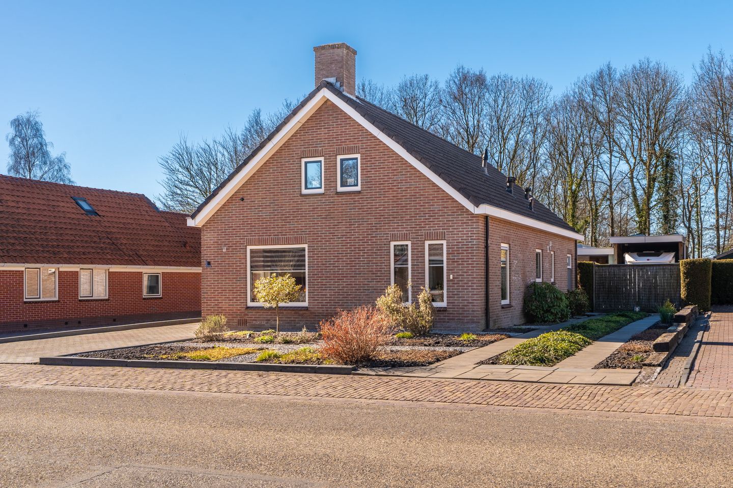 Verzorgd aangelegde tuin gelegen op het zuidwesten met verschillende terrassen om te genieten van zowel de zon als schaduw. De ruime stenen garage ca. 43,5m² groot biedt voldoende ruimte voor het stallen van een auto, fietsen en diverse tuingereedschappen. De luxe tuinkamer met glaswanden is ideaal om in de zomer volop van de rust en de tuin te genieten. Daarnaast is er een campercarport aanwezig. Achter de garage bevindt zich een besloten tuin, die onder andere een terras, gazon en een voormalige moestuin biedt. De tuin grenst aan een park, wat zorgt voor extra privacy en groen uitzicht. De dubbele oprit langs de woning biedt ruim voldoende parkeergelegenheid voor meerdere auto’s op eigen terrein.
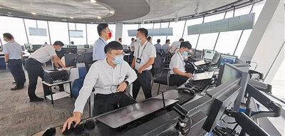 | ■8月12日8时许,青岛空管站管制员准备就绪。 宋新华 摄 |
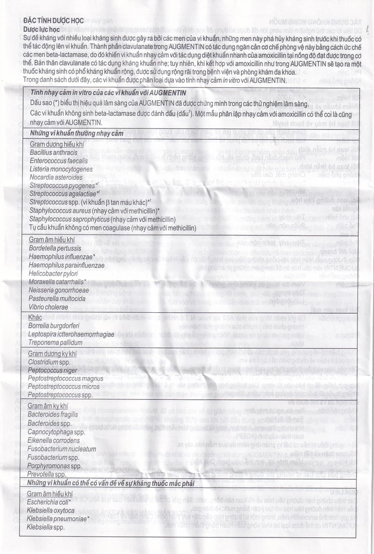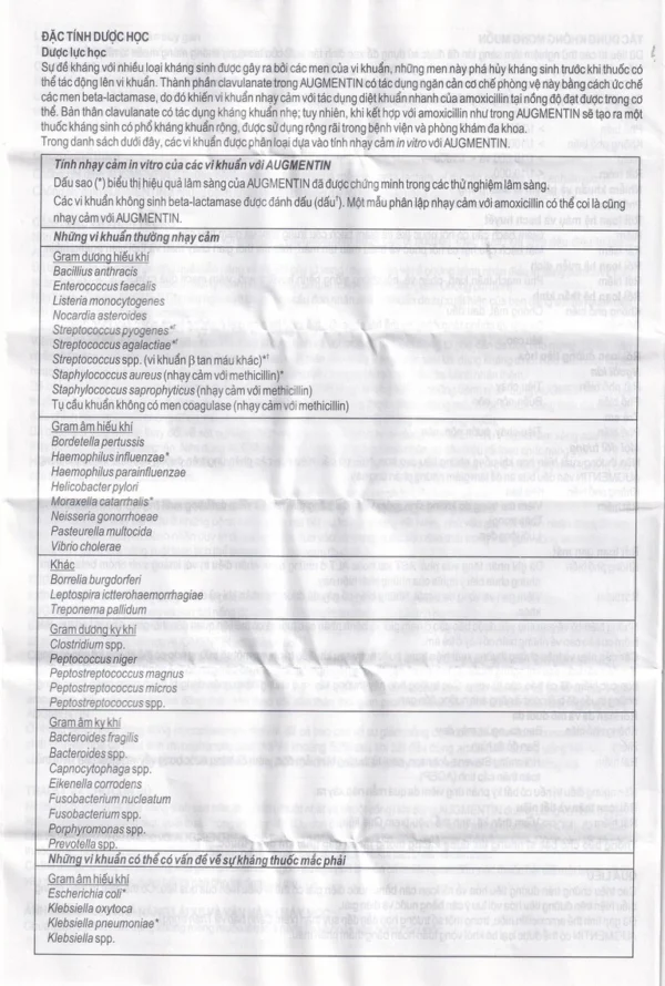 Mô tả ngắn: Thuốc Augmentin là thuốc kháng sinh phổ rộng thuộc nhóm penicillin, chống lại các vi khuẩn thường gây bệnh trong cộng đồng và bệnh viện.Augmentin 1g có thành phần hoạt chất bao gồm sự kết hợp của amoxicillin và clavulanate. Trong đó Amoxicillin (dưới dạng amoxicillin trihydrate) có tác dụng chống lại vi khuẩn gây bệnh, còn clavulanate (dưới dạng clavulanate kali) đóng vai trò là chất ức chế beta-lactamase, mở rộng phổ kháng khuẩn của amoxiccillin đối với nhiều loại vi khuẩn, kể cả các vi khuẩn kháng sinh khác thuộc nhóm beta lactam.
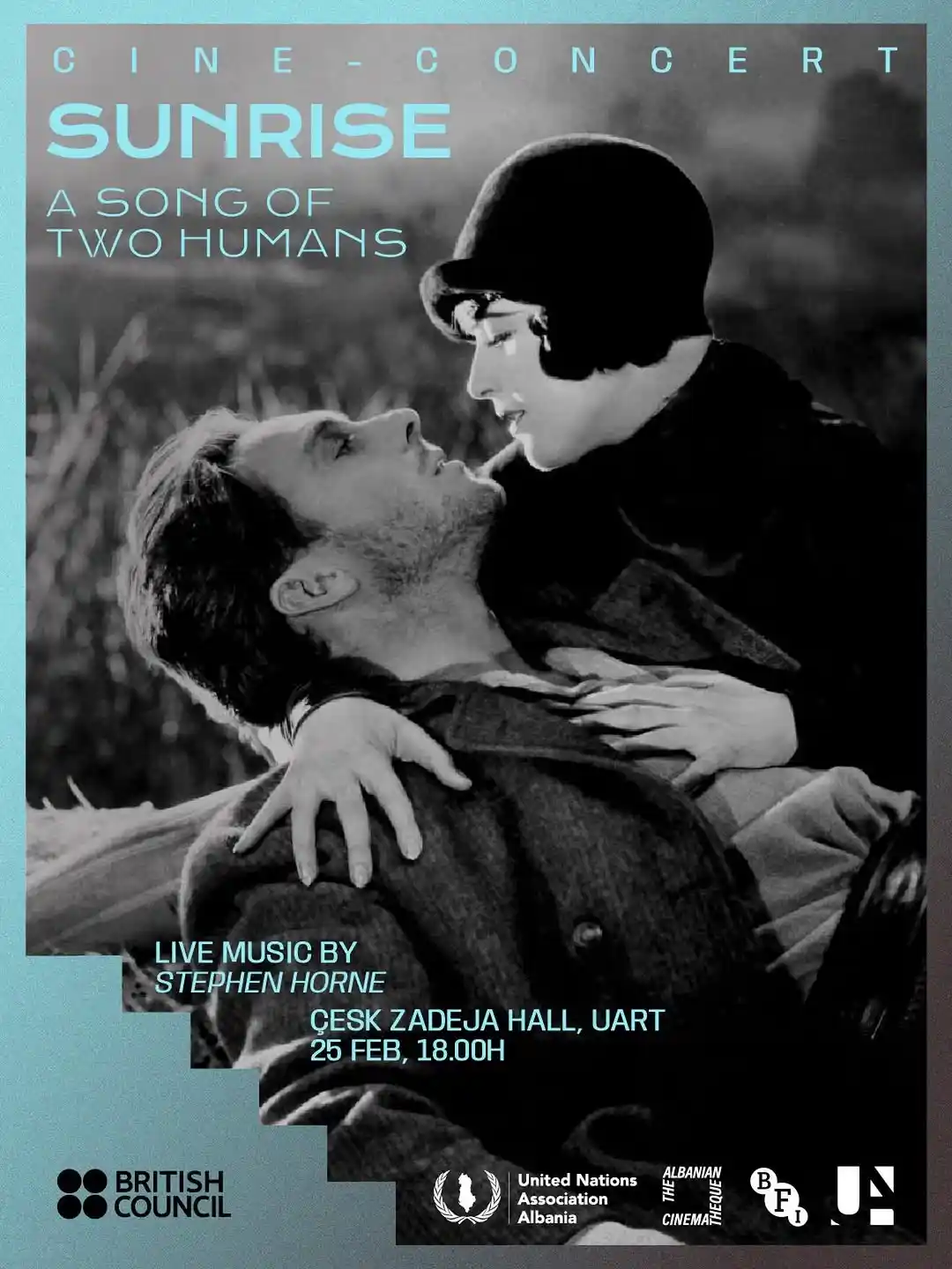 Ky mund të jetë eventi kinematografik i vitit në Tiranë. Ejani të shihni “SUNRISE”, filmin pa zë më të mrekullueshëm të realizuar ndonjëherë, shoqëruar me muzikë live nga mjeshtri i shoqërimit muzikor, Stephen Horne.
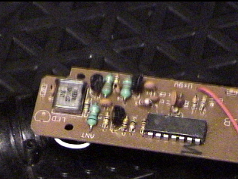 2. Se ve la parte trasera del flying saucer, si puedes notar el pequeño motor en la parte baja de la imagen 3. El receptor de la parte guinda expuesta, se nota un transistor, y inductor, ningun circuito integrado.
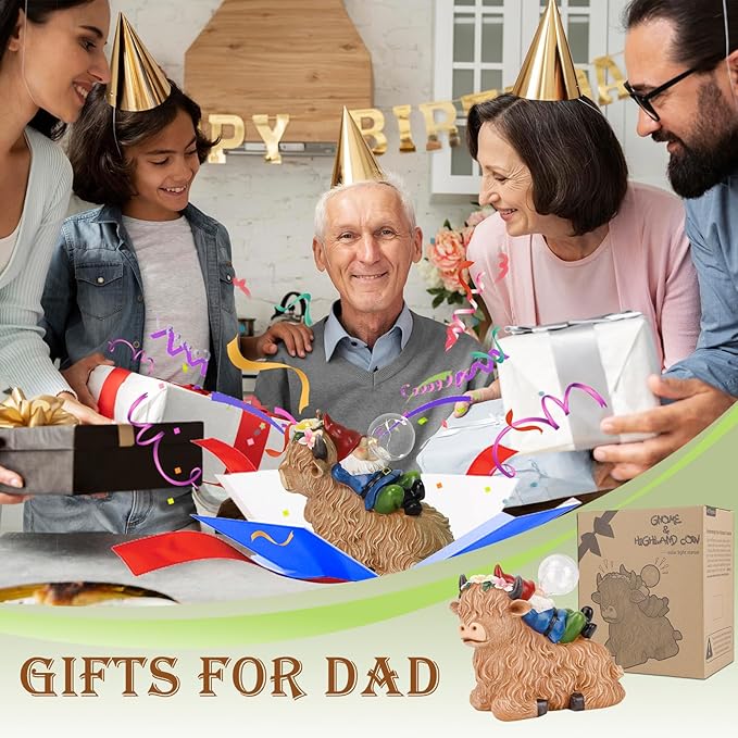 - 【Highland Cow Gnome】ArtTerpnica's funny statue features a unique design: a gnome leisurely lying on the back of a highland cow, hands behind his head, legs crossed, and blowing a transparent bubble. At night, the flower on top of the highland cow’s head and the gnome’s bubble emit a warm glow, adding a touch of fun and warmth to your garden. This statue is an ideal choice for outdoor decor.
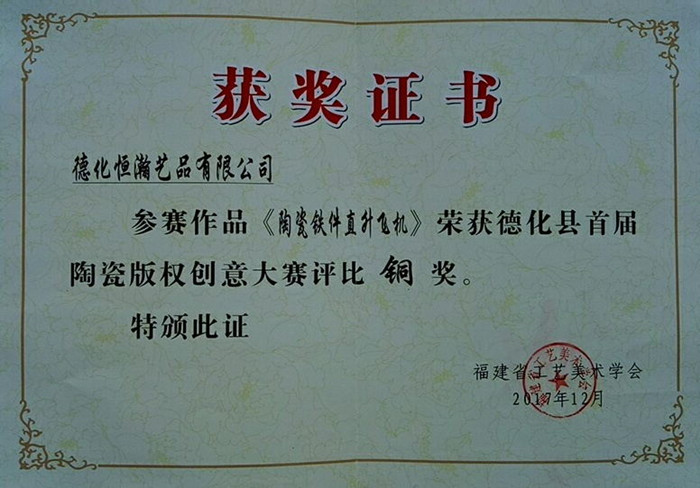 德化恒瀚藝品有限公司位于德化縣潯中鎮(zhèn)詩墩工業(yè)項目區(qū)二期東側(cè),創(chuàng)建于2004年5月,占地面積1.2萬平方米,建筑面積5萬平方米。目前,公司已成為一家集產(chǎn)品研發(fā)、生產(chǎn)貿(mào)易為一體的高度外向型企業(yè),自營出口創(chuàng)匯連年位居全縣前十名。公司主要生產(chǎn)陶瓷工藝品,產(chǎn)品銷往歐洲、北美和東南亞等國家和地區(qū)。近幾年來,公司取得發(fā)明專利5項,實用新型專利23項、知識產(chǎn)權(quán)管理體系認(rèn)證證書,獲得兩化融合管理體系貫標(biāo)評定認(rèn)證,并先后被評為“守合同重信用”單位、“中國陶瓷行業(yè)名牌”稱號、福建省科技型企業(yè)稱號、福建省科技小巨人領(lǐng)軍企業(yè)、福建省高新技術(shù)企業(yè)和國家高新技術(shù)企業(yè)。
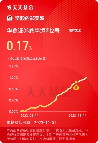 全部 热门 最新评论 最新发帖 全部 全部 个人号 机构号 独立自主de菠菜 发表于 2024-10-11 13:47 95次浏览 什么垃圾 分享 评论 2 赚钱小公主 发表于 2024-09-12 20:40 113次浏览 啥情况 分享 评论 1 Sunny_88 更新于 2024-01-02 22:24 303次浏览 大神们这个咋样?准备买呢 分享 2 3 股友wiebve : 还有别的更好些的 吃饱穿暖万事无忧 :可以的 犇犇冲鸭 更新于 2023-12-15 17:47 219次浏览 有谁知道这个规模多大? 分享 1 赞 吃饱穿暖万事无忧 :四千万不到 袋鼠财富贝 更新于 2023-11-27 13:37 198次浏览 #晒收益#还行 分享 1 2 Sunny_88 :两周收益率吗?这个没有业绩报酬抽取 犇犇冲鸭 发表于 2023-11-14 12:10 129次浏览 赎回多长时间到了账 分享 评论 赞 发帖 APP内打开
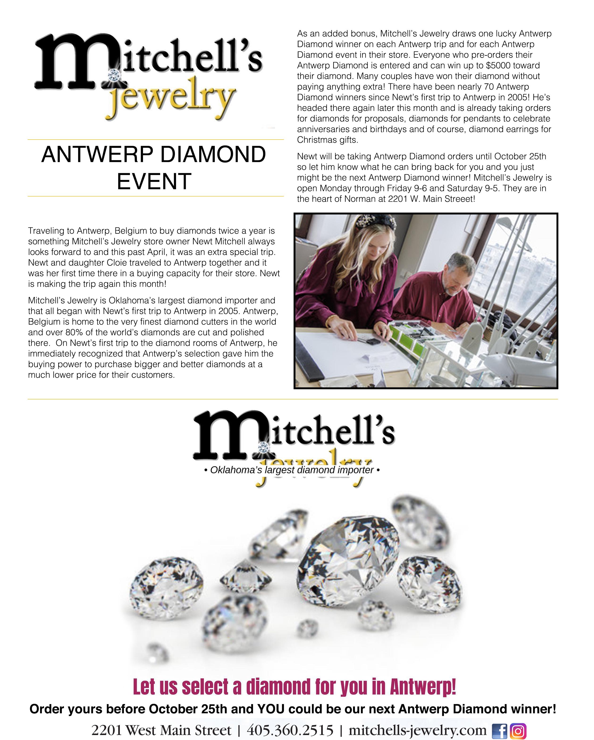 28 Rallying for Kids HBC Champions Foundation hosts event to benefit children. 54 Understanding Your Risk The Oklahoma Breast Center offers genetic testing to assess cancer risk. 56 Kidoodles Norman’s beloved children’s boutique reopens in new location. 58 Mitchell’s Jewelry You could be the next Antwerp Diamond Winner at Mitchell’s. 60
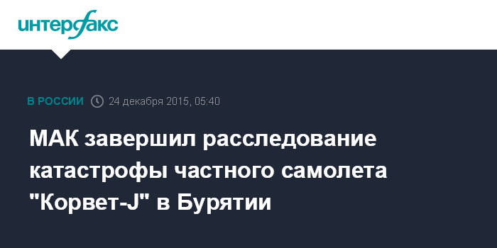 МАК завершил расследование катастрофы частного самолета "Корвет-J" в Бурятии
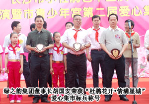 為慶祝“六一”國際兒童節(jié)的到來,2011年5月28日,由長沙市委組織部、市委宣傳部、市文明辦、團市委、市少工委、市教育局聯(lián)合舉辦的“杜鵑花開?情滿星城”小杜鵑藝術(shù)團慶“六一”文藝義演暨市青少年宮第二屆愛心集市大型公益活動,在長沙市青少年宮舉行。各級政府領(lǐng)導(dǎo)以及社會各界的1000多名愛心人士與全市各區(qū)縣(市)近200名殘疾兒童、孤兒、困難家庭子女、農(nóng)村留守兒童、農(nóng)民工子女共同慶祝屬于孩子們的歡樂節(jié)日。綠之韻集團董事長胡國安作為長沙市優(yōu)秀青年企業(yè)家代表受邀出席活動,并榮獲“杜鵑花開?情滿星城”愛心集市標兵榮譽獎牌。
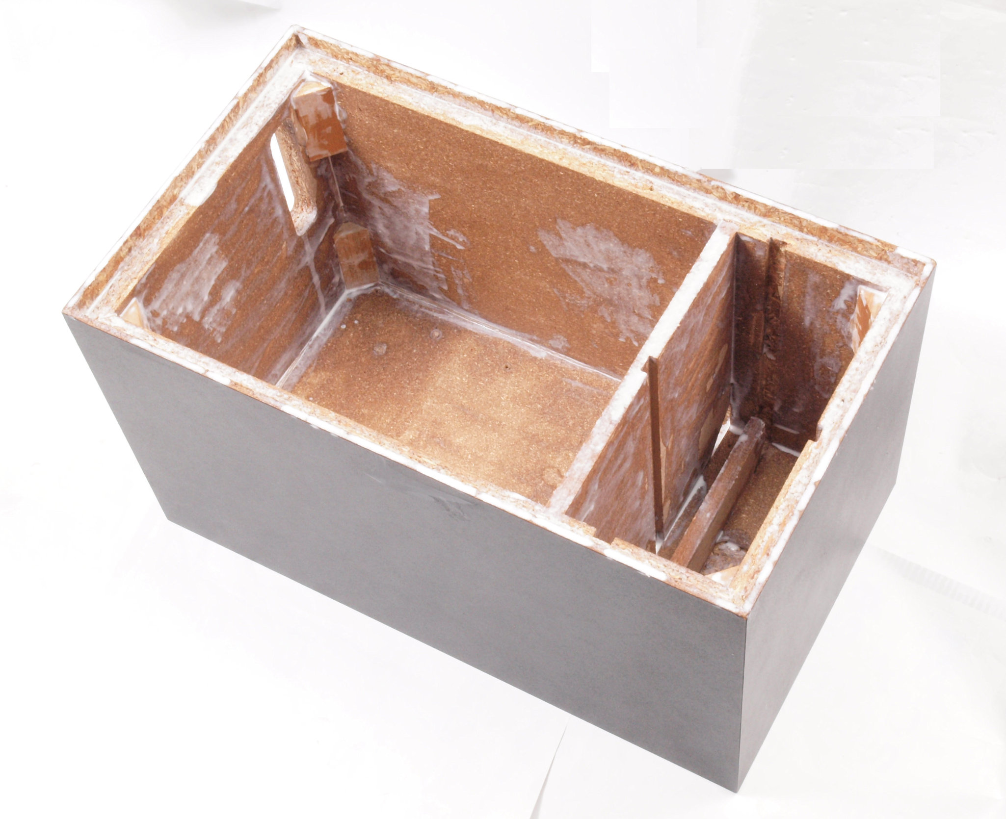 | C31. 修理前 接着材が劣化した木箱、下前右から見る。仕切り板が接着されている。 | ||||||||||||
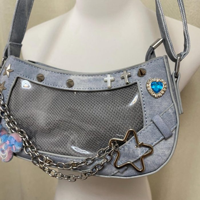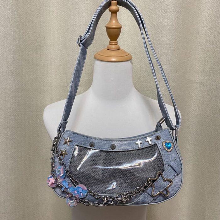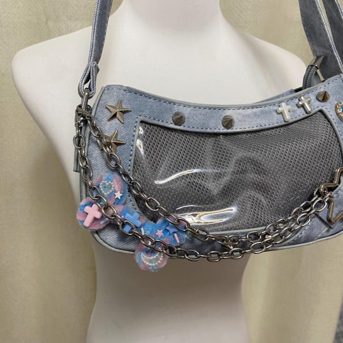 Túi ita denim cửa sổ 23.5x13x7 cm, phong cách Y2K
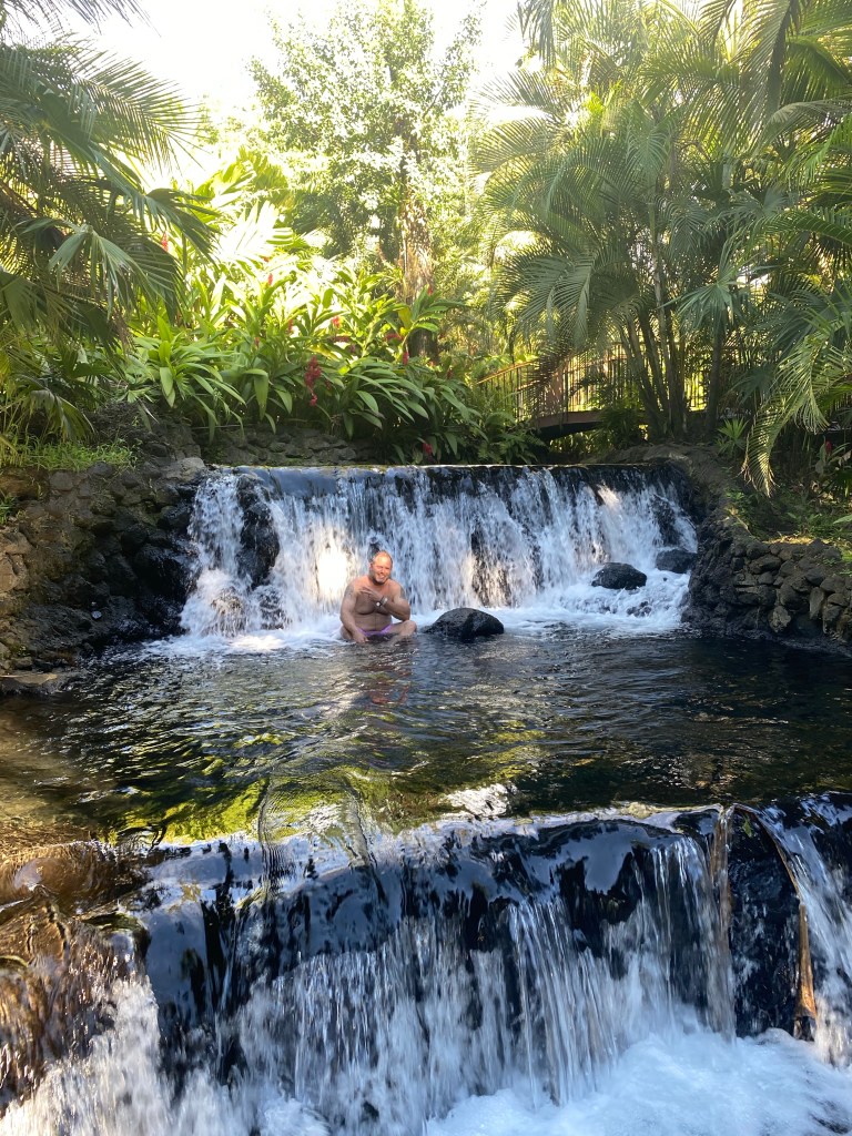 Today was the big surprise day that dad had been planning. Mason and I both had no idea what we were going to experience today. We woke up at 9:00, got our stuff together, and left the house. We arrived at a resort and we were kind of confused. It turns out, this was the surprise. A day of relaxation at the thermal pools heated by the volcano in an amazing resort. We got lunch and hung out in the water all day.

> WHAT YOU SHOULD DO: Everything in the material goes into the copy exactly, except the images.

> TASK RESULT:
 Verzorgd aangelegde tuin gelegen op het zuidwesten met verschillende terrassen om te genieten van zowel de zon als schaduw. De ruime stenen garage ca. 43,5m² groot biedt voldoende ruimte voor het stallen van een auto, fietsen en diverse tuingereedschappen. De luxe tuinkamer met glaswanden is ideaal om in de zomer volop van de rust en de tuin te genieten. Daarnaast is er een campercarport aanwezig. Achter de garage bevindt zich een besloten tuin, die onder andere een terras, gazon en een voormalige moestuin biedt. De tuin grenst aan een park, wat zorgt voor extra privacy en groen uitzicht. De dubbele oprit langs de woning biedt ruim voldoende parkeergelegenheid voor meerdere auto’s op eigen terrein.
 | ■8月12日8时许,青岛空管站管制员准备就绪。 宋新华 摄 |
 Mô tả ngắn: Thuốc Augmentin là thuốc kháng sinh phổ rộng thuộc nhóm penicillin, chống lại các vi khuẩn thường gây bệnh trong cộng đồng và bệnh viện.Augmentin 1g có thành phần hoạt chất bao gồm sự kết hợp của amoxicillin và clavulanate. Trong đó Amoxicillin (dưới dạng amoxicillin trihydrate) có tác dụng chống lại vi khuẩn gây bệnh, còn clavulanate (dưới dạng clavulanate kali) đóng vai trò là chất ức chế beta-lactamase, mở rộng phổ kháng khuẩn của amoxiccillin đối với nhiều loại vi khuẩn, kể cả các vi khuẩn kháng sinh khác thuộc nhóm beta lactam.
 Ky mund të jetë eventi kinematografik i vitit në Tiranë. Ejani të shihni “SUNRISE”, filmin pa zë më të mrekullueshëm të realizuar ndonjëherë, shoqëruar me muzikë live nga mjeshtri i shoqërimit muzikor, Stephen Horne.
 2. Se ve la parte trasera del flying saucer, si puedes notar el pequeño motor en la parte baja de la imagen 3. El receptor de la parte guinda expuesta, se nota un transistor, y inductor, ningun circuito integrado.
 - 【Highland Cow Gnome】ArtTerpnica's funny statue features a unique design: a gnome leisurely lying on the back of a highland cow, hands behind his head, legs crossed, and blowing a transparent bubble. At night, the flower on top of the highland cow’s head and the gnome’s bubble emit a warm glow, adding a touch of fun and warmth to your garden. This statue is an ideal choice for outdoor decor.
 德化恒瀚藝品有限公司位于德化縣潯中鎮(zhèn)詩墩工業(yè)項目區(qū)二期東側(cè),創(chuàng)建于2004年5月,占地面積1.2萬平方米,建筑面積5萬平方米。目前,公司已成為一家集產(chǎn)品研發(fā)、生產(chǎn)貿(mào)易為一體的高度外向型企業(yè),自營出口創(chuàng)匯連年位居全縣前十名。公司主要生產(chǎn)陶瓷工藝品,產(chǎn)品銷往歐洲、北美和東南亞等國家和地區(qū)。近幾年來,公司取得發(fā)明專利5項,實用新型專利23項、知識產(chǎn)權(quán)管理體系認(rèn)證證書,獲得兩化融合管理體系貫標(biāo)評定認(rèn)證,并先后被評為“守合同重信用”單位、“中國陶瓷行業(yè)名牌”稱號、福建省科技型企業(yè)稱號、福建省科技小巨人領(lǐng)軍企業(yè)、福建省高新技術(shù)企業(yè)和國家高新技術(shù)企業(yè)。
 全部 热门 最新评论 最新发帖 全部 全部 个人号 机构号 独立自主de菠菜 发表于 2024-10-11 13:47 95次浏览 什么垃圾 分享 评论 2 赚钱小公主 发表于 2024-09-12 20:40 113次浏览 啥情况 分享 评论 1 Sunny_88 更新于 2024-01-02 22:24 303次浏览 大神们这个咋样?准备买呢 分享 2 3 股友wiebve : 还有别的更好些的 吃饱穿暖万事无忧 :可以的 犇犇冲鸭 更新于 2023-12-15 17:47 219次浏览 有谁知道这个规模多大? 分享 1 赞 吃饱穿暖万事无忧 :四千万不到 袋鼠财富贝 更新于 2023-11-27 13:37 198次浏览 #晒收益#还行 分享 1 2 Sunny_88 :两周收益率吗?这个没有业绩报酬抽取 犇犇冲鸭 发表于 2023-11-14 12:10 129次浏览 赎回多长时间到了账 分享 评论 赞 发帖 APP内打开
 28 Rallying for Kids HBC Champions Foundation hosts event to benefit children. 54 Understanding Your Risk The Oklahoma Breast Center offers genetic testing to assess cancer risk. 56 Kidoodles Norman’s beloved children’s boutique reopens in new location. 58 Mitchell’s Jewelry You could be the next Antwerp Diamond Winner at Mitchell’s. 60
 МАК завершил расследование катастрофы частного самолета "Корвет-J" в Бурятии
 為慶祝“六一”國際兒童節(jié)的到來,2011年5月28日,由長沙市委組織部、市委宣傳部、市文明辦、團市委、市少工委、市教育局聯(lián)合舉辦的“杜鵑花開?情滿星城”小杜鵑藝術(shù)團慶“六一”文藝義演暨市青少年宮第二屆愛心集市大型公益活動,在長沙市青少年宮舉行。各級政府領(lǐng)導(dǎo)以及社會各界的1000多名愛心人士與全市各區(qū)縣(市)近200名殘疾兒童、孤兒、困難家庭子女、農(nóng)村留守兒童、農(nóng)民工子女共同慶祝屬于孩子們的歡樂節(jié)日。綠之韻集團董事長胡國安作為長沙市優(yōu)秀青年企業(yè)家代表受邀出席活動,并榮獲“杜鵑花開?情滿星城”愛心集市標兵榮譽獎牌。
 | C31. 修理前 接着材が劣化した木箱、下前右から見る。仕切り板が接着されている。 | ||||||||||||
 Túi ita denim cửa sổ 23.5x13x7 cm, phong cách Y2K
 Today was the big surprise day that dad had been planning. Mason and I both had no idea what we were going to experience today. We woke up at 9:00, got our stuff together, and left the house. We arrived at a resort and we were kind of confused. It turns out, this was the surprise. A day of relaxation at the thermal pools heated by the volcano in an amazing resort. We got lunch and hung out in the water all day.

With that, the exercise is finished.